Sure enough, by summer, a little apple had started growing. It was small and green, and unaware of its flaws.
This in and of itself was amazing, because this pair of trees had had an apples almost spawned before, but alas, it was cut off, in winter, before it fell.
And they wished for another, and what they got was a one single apple. It fell from the tree one month before harvest season, and when it fell, it hugged the roots of its parents.

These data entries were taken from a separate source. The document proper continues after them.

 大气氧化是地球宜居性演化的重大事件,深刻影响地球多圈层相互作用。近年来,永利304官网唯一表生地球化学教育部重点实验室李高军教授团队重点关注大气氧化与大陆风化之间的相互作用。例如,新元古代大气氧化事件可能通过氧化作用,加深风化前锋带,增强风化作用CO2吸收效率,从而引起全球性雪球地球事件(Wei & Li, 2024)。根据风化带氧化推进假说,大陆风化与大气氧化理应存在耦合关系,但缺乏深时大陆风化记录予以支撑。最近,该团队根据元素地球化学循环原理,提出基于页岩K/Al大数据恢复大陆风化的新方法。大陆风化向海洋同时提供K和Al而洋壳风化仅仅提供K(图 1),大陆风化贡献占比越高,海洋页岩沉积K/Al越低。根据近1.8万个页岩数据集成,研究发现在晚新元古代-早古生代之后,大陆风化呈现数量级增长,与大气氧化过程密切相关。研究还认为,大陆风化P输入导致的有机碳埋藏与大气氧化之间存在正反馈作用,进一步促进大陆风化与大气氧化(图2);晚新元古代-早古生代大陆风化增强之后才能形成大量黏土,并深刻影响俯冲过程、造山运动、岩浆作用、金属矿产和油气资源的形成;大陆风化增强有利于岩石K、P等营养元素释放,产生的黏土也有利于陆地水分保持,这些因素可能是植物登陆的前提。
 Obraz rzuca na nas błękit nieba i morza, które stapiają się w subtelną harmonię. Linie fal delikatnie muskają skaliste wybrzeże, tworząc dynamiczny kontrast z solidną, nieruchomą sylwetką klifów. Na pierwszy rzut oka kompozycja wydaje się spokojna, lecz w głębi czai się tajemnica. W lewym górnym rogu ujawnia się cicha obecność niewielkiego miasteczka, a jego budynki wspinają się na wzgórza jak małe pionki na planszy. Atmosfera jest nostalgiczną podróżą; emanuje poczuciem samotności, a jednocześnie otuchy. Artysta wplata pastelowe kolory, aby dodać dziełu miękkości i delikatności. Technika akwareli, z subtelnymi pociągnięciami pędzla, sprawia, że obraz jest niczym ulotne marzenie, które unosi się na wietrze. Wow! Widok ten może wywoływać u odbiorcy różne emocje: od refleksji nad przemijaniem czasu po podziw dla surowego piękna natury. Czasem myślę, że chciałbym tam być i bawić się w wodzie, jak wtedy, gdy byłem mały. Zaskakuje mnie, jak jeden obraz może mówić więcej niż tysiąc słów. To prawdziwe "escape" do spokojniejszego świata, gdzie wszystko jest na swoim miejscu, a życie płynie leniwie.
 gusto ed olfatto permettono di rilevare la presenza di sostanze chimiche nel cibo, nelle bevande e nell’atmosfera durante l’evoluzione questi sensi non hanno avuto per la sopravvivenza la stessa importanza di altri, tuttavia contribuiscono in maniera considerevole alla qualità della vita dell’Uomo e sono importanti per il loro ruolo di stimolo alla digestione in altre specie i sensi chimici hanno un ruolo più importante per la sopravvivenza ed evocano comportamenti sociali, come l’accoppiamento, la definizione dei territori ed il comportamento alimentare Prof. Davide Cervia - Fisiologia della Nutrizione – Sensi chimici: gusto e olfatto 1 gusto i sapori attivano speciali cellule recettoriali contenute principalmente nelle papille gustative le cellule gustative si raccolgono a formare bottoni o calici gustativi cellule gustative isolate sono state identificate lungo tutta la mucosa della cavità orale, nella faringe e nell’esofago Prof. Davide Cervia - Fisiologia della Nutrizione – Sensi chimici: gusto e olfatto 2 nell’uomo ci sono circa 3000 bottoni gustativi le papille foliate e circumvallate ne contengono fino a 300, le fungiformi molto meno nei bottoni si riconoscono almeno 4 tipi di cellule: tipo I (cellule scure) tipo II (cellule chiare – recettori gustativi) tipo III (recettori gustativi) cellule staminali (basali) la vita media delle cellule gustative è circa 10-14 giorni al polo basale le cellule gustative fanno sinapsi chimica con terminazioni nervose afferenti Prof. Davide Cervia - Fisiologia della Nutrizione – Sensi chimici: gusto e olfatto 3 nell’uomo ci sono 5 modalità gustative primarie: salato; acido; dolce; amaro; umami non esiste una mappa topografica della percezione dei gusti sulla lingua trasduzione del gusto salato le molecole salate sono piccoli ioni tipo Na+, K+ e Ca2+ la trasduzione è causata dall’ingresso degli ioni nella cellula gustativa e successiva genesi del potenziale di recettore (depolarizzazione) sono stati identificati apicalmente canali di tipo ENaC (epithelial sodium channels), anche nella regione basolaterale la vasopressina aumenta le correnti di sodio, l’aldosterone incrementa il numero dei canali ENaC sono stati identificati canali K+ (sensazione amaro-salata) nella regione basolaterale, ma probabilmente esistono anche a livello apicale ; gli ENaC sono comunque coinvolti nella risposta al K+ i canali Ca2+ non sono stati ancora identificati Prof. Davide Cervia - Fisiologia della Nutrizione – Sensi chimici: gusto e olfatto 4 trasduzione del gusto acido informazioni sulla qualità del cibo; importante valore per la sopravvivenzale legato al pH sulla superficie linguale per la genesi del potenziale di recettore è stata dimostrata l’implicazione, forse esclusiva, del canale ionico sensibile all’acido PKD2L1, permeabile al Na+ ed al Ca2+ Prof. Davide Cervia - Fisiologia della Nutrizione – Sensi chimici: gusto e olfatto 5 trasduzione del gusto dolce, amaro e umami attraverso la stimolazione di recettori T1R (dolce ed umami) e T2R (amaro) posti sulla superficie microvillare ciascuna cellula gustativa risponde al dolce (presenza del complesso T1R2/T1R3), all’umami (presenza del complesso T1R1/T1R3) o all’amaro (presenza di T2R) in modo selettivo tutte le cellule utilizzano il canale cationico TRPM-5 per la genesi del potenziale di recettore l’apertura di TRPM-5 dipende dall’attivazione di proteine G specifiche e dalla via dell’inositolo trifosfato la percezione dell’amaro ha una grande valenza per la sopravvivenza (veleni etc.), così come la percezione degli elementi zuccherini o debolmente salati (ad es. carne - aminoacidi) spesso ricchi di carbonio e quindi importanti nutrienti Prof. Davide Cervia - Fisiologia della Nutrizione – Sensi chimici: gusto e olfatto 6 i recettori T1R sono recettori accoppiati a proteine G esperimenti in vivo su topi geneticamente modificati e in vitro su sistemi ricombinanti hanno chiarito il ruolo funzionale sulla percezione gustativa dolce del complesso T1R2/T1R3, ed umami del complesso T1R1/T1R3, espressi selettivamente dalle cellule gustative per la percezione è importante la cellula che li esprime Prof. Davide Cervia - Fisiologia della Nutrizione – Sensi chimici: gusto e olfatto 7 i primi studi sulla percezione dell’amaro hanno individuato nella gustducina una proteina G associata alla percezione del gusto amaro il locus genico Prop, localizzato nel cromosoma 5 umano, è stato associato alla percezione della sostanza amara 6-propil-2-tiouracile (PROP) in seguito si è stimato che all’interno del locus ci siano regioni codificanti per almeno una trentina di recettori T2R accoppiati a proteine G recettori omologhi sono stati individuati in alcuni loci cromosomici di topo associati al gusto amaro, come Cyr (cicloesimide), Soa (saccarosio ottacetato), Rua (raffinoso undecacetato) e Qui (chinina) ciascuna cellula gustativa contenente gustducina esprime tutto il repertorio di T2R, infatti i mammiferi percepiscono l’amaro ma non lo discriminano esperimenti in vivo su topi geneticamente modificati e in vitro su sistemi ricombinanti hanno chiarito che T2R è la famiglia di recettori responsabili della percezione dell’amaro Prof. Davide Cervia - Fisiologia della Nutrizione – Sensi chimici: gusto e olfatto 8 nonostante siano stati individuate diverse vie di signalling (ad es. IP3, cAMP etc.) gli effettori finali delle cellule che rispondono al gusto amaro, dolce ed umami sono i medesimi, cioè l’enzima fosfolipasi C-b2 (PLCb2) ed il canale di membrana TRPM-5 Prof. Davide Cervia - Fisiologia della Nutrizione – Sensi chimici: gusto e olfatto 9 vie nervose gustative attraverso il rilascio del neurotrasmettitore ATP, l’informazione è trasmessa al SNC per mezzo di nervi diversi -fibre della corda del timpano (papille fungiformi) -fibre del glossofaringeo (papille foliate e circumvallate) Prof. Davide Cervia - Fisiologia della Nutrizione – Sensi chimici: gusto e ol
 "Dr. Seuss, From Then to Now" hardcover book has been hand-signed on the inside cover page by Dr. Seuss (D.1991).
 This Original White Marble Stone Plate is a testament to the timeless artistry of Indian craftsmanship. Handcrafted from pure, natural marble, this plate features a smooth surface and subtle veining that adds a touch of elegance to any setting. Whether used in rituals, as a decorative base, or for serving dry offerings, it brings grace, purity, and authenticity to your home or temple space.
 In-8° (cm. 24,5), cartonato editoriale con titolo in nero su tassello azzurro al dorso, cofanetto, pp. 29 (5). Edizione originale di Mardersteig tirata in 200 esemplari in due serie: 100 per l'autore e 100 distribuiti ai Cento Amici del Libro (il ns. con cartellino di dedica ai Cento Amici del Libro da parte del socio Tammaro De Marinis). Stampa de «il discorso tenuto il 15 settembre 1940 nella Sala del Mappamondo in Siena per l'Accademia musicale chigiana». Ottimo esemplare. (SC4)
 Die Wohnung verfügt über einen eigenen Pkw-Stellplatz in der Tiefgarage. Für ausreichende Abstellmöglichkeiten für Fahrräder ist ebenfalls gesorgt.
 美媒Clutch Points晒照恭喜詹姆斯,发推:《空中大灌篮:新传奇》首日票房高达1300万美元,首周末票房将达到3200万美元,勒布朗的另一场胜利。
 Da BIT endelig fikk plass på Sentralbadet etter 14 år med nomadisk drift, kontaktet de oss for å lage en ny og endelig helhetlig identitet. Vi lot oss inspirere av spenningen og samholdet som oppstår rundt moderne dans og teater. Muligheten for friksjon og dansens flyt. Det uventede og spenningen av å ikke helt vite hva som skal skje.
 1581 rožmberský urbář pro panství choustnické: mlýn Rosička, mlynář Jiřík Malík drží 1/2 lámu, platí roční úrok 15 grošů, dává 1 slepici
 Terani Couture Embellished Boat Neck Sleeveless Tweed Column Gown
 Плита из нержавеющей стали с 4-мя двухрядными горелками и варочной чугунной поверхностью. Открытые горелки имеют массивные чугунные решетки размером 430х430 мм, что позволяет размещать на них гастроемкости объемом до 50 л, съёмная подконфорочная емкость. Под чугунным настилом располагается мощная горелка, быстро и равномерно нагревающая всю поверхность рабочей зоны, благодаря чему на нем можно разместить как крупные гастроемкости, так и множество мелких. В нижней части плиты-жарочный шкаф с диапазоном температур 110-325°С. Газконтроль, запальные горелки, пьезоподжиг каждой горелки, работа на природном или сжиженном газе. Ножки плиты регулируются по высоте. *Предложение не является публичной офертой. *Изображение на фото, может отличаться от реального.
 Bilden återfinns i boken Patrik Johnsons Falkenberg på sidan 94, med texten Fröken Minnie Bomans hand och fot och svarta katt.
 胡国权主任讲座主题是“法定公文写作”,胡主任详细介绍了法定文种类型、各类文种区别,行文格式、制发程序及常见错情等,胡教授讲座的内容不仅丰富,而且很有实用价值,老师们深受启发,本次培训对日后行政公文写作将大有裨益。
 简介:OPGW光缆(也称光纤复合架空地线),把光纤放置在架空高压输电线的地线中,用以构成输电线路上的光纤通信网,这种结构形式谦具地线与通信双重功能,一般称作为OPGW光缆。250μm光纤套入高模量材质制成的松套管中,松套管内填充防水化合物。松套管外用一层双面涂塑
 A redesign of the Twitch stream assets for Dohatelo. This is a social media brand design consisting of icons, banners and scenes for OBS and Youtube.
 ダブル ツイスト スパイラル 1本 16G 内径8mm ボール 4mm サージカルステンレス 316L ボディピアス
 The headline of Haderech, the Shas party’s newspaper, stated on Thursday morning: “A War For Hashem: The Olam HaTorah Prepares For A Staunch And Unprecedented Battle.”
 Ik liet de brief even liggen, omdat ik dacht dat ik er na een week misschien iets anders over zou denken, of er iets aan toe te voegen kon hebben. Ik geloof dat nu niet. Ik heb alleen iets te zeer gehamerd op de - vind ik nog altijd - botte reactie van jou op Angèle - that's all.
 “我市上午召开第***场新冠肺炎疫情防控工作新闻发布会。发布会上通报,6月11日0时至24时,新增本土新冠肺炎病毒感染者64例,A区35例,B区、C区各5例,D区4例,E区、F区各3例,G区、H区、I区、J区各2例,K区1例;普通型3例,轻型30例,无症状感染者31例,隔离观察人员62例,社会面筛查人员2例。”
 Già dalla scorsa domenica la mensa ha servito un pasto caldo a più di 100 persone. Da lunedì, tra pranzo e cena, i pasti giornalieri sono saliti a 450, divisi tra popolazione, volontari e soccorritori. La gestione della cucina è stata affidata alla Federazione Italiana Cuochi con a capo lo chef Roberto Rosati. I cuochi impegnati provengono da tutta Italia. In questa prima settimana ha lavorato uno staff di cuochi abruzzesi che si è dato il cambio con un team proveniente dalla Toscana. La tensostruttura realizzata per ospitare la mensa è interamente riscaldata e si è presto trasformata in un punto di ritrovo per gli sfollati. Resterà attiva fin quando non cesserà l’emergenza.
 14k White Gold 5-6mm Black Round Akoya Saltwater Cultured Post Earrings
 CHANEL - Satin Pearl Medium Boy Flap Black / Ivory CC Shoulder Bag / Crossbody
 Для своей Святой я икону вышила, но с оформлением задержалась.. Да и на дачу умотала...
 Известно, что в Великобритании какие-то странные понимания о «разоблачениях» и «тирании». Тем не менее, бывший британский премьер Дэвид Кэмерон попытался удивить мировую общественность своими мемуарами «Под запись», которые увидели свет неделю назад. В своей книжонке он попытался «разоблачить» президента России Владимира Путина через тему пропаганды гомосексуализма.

But there was a wind - a fateful wind that fall season - that would not hold a cool breeze but a curse. And so the branches of the two trees start disturbing harmony, moaning, screeching, and drifting apart. Their roots began to unravel, and loose. And so the young, still slightly green, apple fell out from its bed in the roots. As this event continued to occur, the apple slowly rolled farther and farther down the hill, for the roots ran deep, and the wind was harsh this season. They whistled of hate and past times and against other trees (they particularly didn't like the oranges, who they believed were innately sour and thus "bad").They howled about way they were once entwined (but no longer), and how they reached the top of the hill, and how sick they were of each other. The little apple, distraught by the events, was afraid. It was afraid of falling out of the orchard. It was afraid of rotting. It was afraid of growing up to be an apple tree in that orchard, for it did not want to be like the trees that once held it. So for a while, the apple wished to rot, and wanted to fall out of the orchard, maybe to live in another. But then winter came early this year, preserving it in its un-rotten sweetness, at least for the season. Sure enough, the winds didn't stop, and neither did the trees. The little apple looking on couldn't escape, frozen in this pandemonium. And then spring came, and it began to thaw. While the weather was still cool and crisp, one unnaturally strong wind flew in, and the apple began to roll. Down the hill it went, far from what made it. Those two trees will always have been the young apples parents. And the apple will miss them dearly. The apple was destined for a different life, far different than the bittersweet story of the year before. And although it will live in the same orchard, and will always be an apple, to grow up to be an apple carrier of its own, one might still say that in this story, the apple did indeed fall far from tree.